Die Hoff­nun­gen der Reli­gio­nen in der Ver­gan­gen­heit, auf einen gemein­sa­men guten Wil­len zu set­zen, habe ich ad acta gelegt. Denn die sich aus Glau­ben ent­wickeln­den Orga­ni­sa­tio­nen, die wie­der die Gläu­bi­gen beherr­schen wol­len und müs­sen, also die Kir­chen, waren nicht zuletzt für For­men der tota­li­tä­ren Herr­schaft ein aus­ge­zeich­ne­tes Muster. Tho­mas Hob­bes nahm die Men­schen als Kör­per und mög­li­che Raub­tie­re und ver­ord­ne­te All­ge­walt, um die Wöl­fe in Schach zu hal­ten. Aber selbst zu Hob­bes Zei­ten waren es kaum Indi­vi­du­en, die im Kampf aller gegen alle stan­den, son­dern Grup­pen und Reli­gi­ons­ge­mein­schaf­ten mit höch­sten und into­le­ran­ten Wahrheitsansprüchen.

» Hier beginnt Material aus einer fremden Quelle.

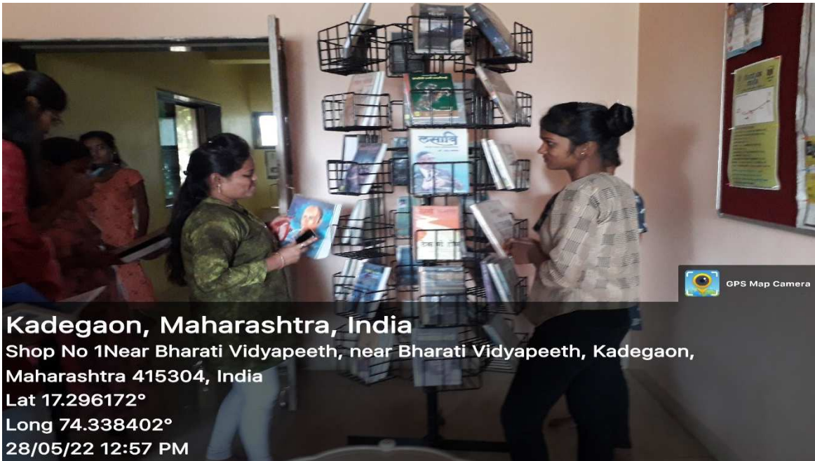
शैक्षिक यात्रा में सहभागी छात्राओं के छायाचित्र

Hoff­nung? Im Sin­ne eines geschichts­phi­lo­so­phi­schen Kon­zep­tes kann ich auf kei­ne mehr ver­wei­sen. Die Hoff­nung eben­so wie die Angst wer­den über inten­si­ve kör­per­li­che Arbeit aus­ge­schwitzt. Als Lohn bleibt die Schön­heit von blü­hen­den Blu­men und die Fül­le lecke­rer Früch­te hier und heu­te. Mein Bei­trag zu Gesun­dung eines klei­nen Land­stri­ches ist gemes­sen an den mit schwer­sten Trak­to­ren bear­bei­te­ten Mais­fel­dern der Umge­bung sehr mar­gi­nal, dort sehen die Böden tot aus, sie sind soweit ver­dich­tet, dass sie kaum einen stär­ke­ren Regen auf­neh­men kön­nen, aber wenig­stens so feucht, dass Stür­me die Kru­me nicht davon­tra­gen und auf einer Auto­bahn Mas­sen­ka­ram­bo­la­gen ver­ur­sa­chen. Oder all­ge­mei­ner und abstrakt: Der Umbau der Land­wirt­schaft hat noch lan­ge nicht begon­nen, so dass sich eine Ernäh­rungs­kri­se abzeich­net, wobei eine »Korn­kam­mer Ukrai­ne« nicht wei­ter­hilft, weil auch dort mit Fun­gi­zi­den, Pesti­zi­den sowie schwer­sten Maschi­nen gear­bei­tet wird.

Vor einer Gene­ra­ti­on gab es eine Viel­zahl von War­nun­gen, die denen von Dit­furth kaum nach­stan­den. Ich nen­ne hier z.B. das Buch von Eugen Dre­wer­mann, Der töd­li­che Fort­schritt. Nen­nens­wert ist fer­ner das Buch von Wal­ter L. Bühl, Kri­sen­theo­rien (Darm­stadt 1988). Zitie­ren möch­te ich aus des­sen Ein­lei­tung einen Satz: »Die Kri­sen­furcht ist eine Erschei­nung des rela­ti­ven Wohl­stan­des, nir­gend­wo wird von so vie­len Kri­sen berich­tet wie in den west­li­chen, hoch­ent­wickel­ten Industriestaaten.«

Furcht ist ein schlech­ter Lehr­mei­ster, und aus dem Zeit­druck, der bei Kri­sen ange­sagt wird, ent­steht unter Umstän­den nur kurz­sich­ti­ges Han­deln, das Pro­ble­me ver­schärft, statt sie zu mildern.